Stored data ->
* * *
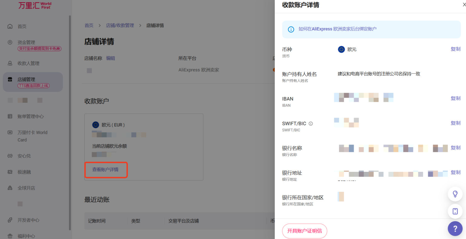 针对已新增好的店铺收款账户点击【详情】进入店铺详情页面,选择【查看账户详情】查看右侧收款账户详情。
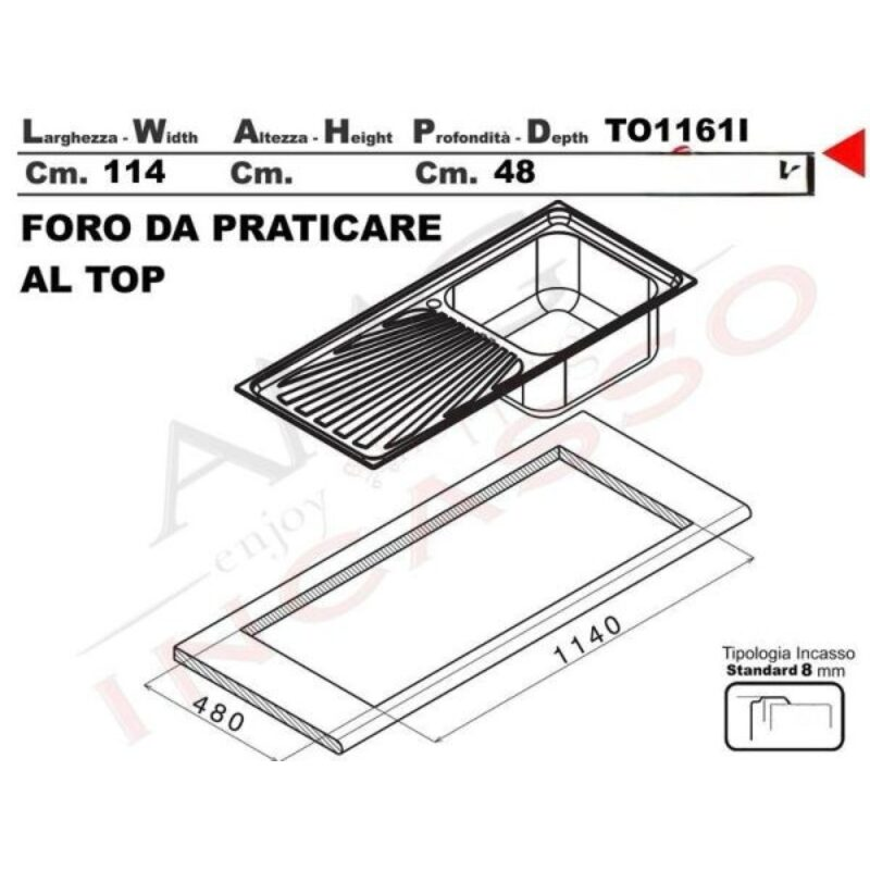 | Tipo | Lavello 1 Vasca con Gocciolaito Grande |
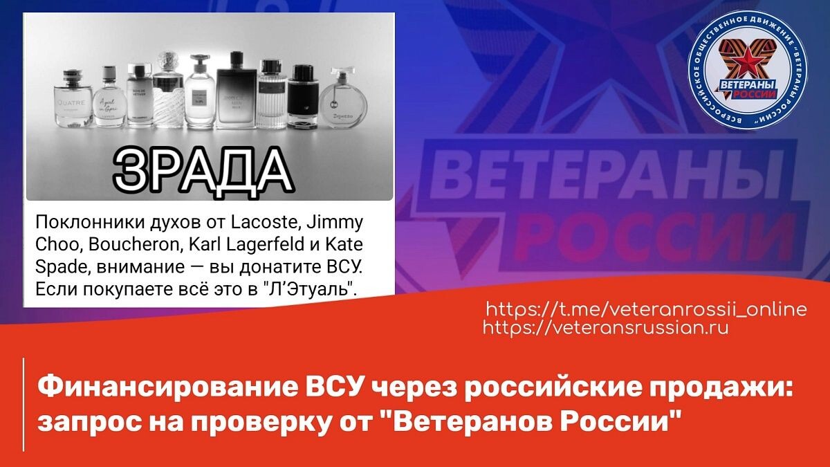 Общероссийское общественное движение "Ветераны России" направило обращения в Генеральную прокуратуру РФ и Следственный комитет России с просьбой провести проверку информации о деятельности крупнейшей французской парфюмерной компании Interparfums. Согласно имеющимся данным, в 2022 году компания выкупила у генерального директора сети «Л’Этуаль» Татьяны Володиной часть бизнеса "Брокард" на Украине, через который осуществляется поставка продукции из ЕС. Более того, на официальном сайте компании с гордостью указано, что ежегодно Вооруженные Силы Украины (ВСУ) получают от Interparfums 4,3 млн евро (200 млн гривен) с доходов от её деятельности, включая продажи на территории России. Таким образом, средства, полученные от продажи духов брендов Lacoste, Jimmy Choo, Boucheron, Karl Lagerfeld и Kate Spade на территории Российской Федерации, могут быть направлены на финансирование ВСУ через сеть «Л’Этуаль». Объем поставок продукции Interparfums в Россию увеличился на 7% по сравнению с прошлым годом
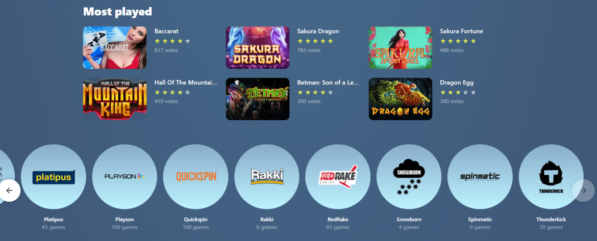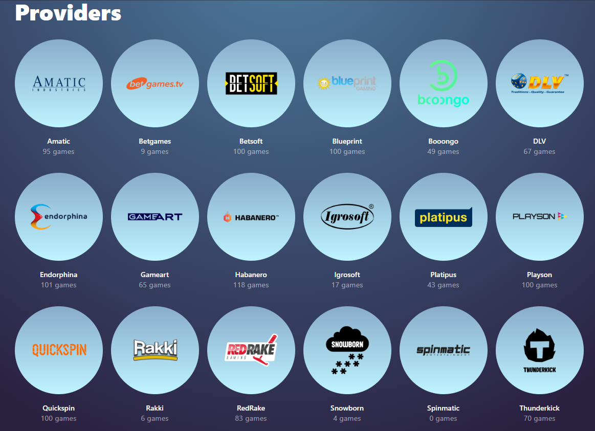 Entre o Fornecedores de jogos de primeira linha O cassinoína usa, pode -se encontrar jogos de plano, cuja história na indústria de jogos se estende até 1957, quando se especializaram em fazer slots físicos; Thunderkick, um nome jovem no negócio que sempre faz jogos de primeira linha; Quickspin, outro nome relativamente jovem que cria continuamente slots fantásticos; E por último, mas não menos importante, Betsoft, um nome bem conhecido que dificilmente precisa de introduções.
* * *
Exercise requirements -> What you should repeat exactly is the run of lines from the top of the listing above through the line with "Gocciolaito Grande |", without pictures.

Solution to the exercise ->
 针对已新增好的店铺收款账户点击【详情】进入店铺详情页面,选择【查看账户详情】查看右侧收款账户详情。
 | Tipo | Lavello 1 Vasca con Gocciolaito Grande |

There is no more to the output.